Wichita, KS. Another year of March Sadness for Mizzou fans has set in as the upstart and upset-minded Drake Bulldogs gritted out an impressive victory on Thursday night against the 6-seeded Tigers. The loss assured that Missouri would fail to reach the second weekend of the NCAA Tournament yet again (it hasn’t advanced to the Sweet 16 since 2009) and fans are left searching for answers.
I grew up with Missouri basketball heartbreak. It started in 1994, watching Khalid Reeves and Arizona end Norm Stewart’s dream run. A year later, Tyus Edney went coast-to-coast, and my childhood ended in 4.8 seconds. Norfolk State? Kim Anderson’s lost years? Just more scars.
And now, this.
Missouri, a 6-seed with so much promise, fell flat in Wichita, losing 67-57 to 11-seed Drake
The nightmare has become all too common for Mizzou fans, thousands of which attempted to will the Tigers to victory.
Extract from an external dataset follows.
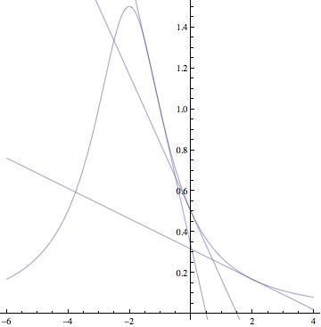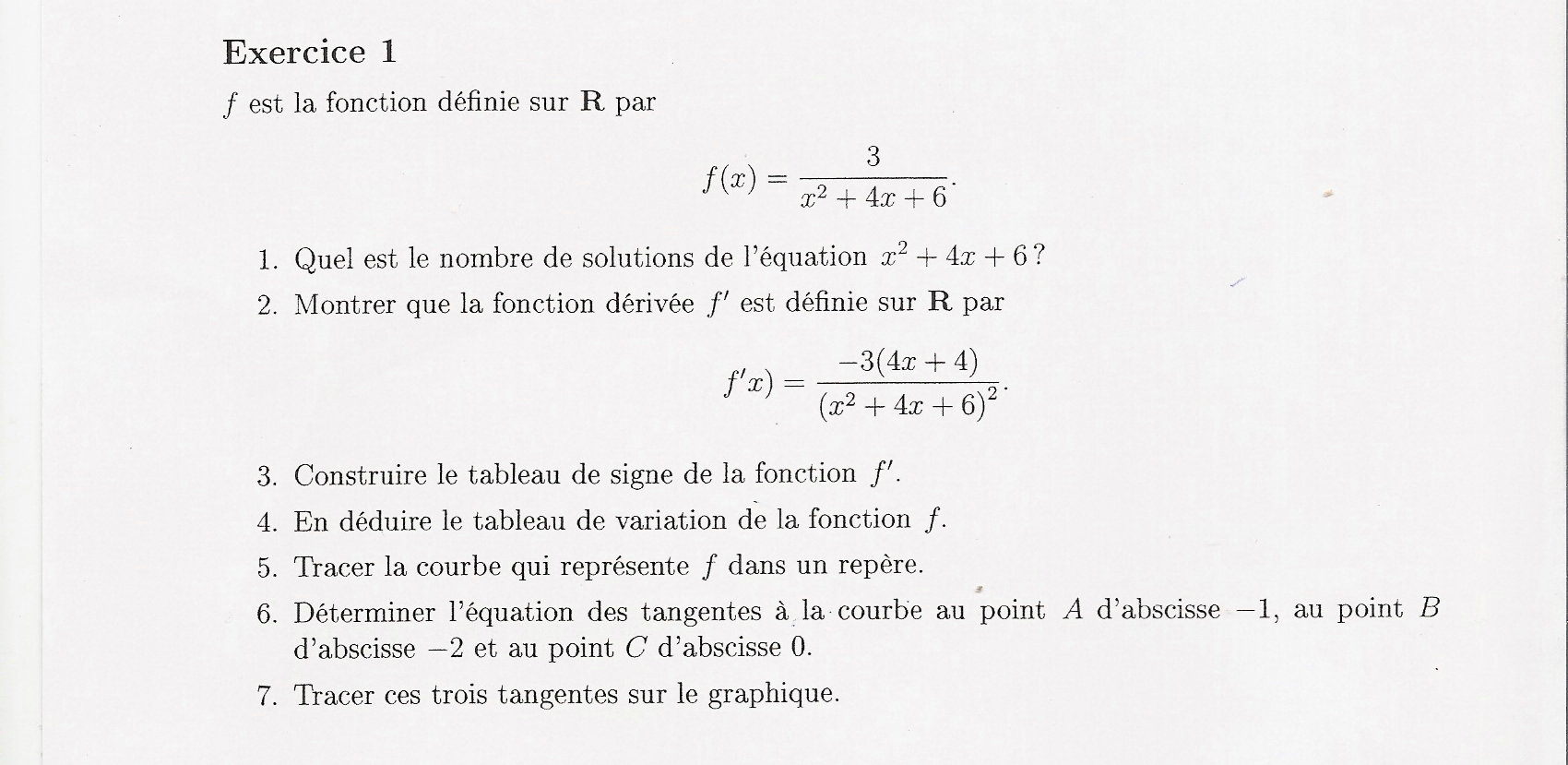 E-Bahut Barbidoux Posté(e) le 20 février 2011 E-Bahut Signaler Posté(e) le 20 février 2011 1) x²+4x+6=0 > delta= -8 donc, delta<0, il n'y a pas de solutions réelles. 2)(k/u)'=-k*u'/u^2 ==> u'=2*x+4 ==> f'(x)=-3*(2*x+4)/(x^2+4*x+6) il y a une faute de frappe dans le sujet 3) résultat du tableau de signe : x.......(-∞)......................(-2).............................(∞) f'(x)..........(+)................(0)..........(-)....................... f(x)...0....crois............max.....decrois...............0 Limites x-->-∞ ==> f(x)≈ 1/x^2 ->0 x-> ∞ ==> f(x)≈ 1/x^2 ->0 Maximum en x=-2 ==> f(-2)=3/2 4) elle est croissante jusqu'à -2 puis décroissante . 5) graphique 6) - la tangente à la courbe du point M d'abscisse a à pour équation: y= f'(a) (x-a) + f(a) f'(-1)=-2/3 f(-1)=1 => y=-2*x/3+1/3 ---------------------------- f'(2)=-2/27 f(2)=1/6 => y=-2*x/27+17/54 -------------------------------- f'(0)=-1/3 f(0)=1/2 => y=-x/3+1/2 7) graphique

Bennett Stirtz, the Liberty, MO native who began his career at Northwest Missouri State. torched Mizzou on 8-11 shooting in a raucous Intrust Bank Arena. Drake, the mid-major darlings, outworked, outshot, and ultimately outplayed a team that, just weeks ago, seemed destined for a deep run.
Walking into the postgame locker room, the scene was brutal. Mark Mitchell sat at his locker, staring at the floor, eyes welling up as he tried to put into words what went wrong. Ant Robinson, normally so composed, struggled through the answers. They knew—they all knew—this season wasn’t supposed to end like this.
It had all started so well. The Tigers beat Kansas. They stormed into Gainesville and toppled No. 1 Florida on their home court. February 19, Mizzou Arena rocked as they took down Alabama. But something changed. Caleb Grill’s shooting went ice cold. The defense stopped forcing turnovers. That relentless energy, the one that made Missouri so dangerous, just disappeared.
And on Thursday night, Drake made them pay for it.
Dennis Gates has given this program life. He took them from SEC irrelevance to national conversation in just a few years. But this loss? It stings. Now the question lingers: where does Missouri go from here?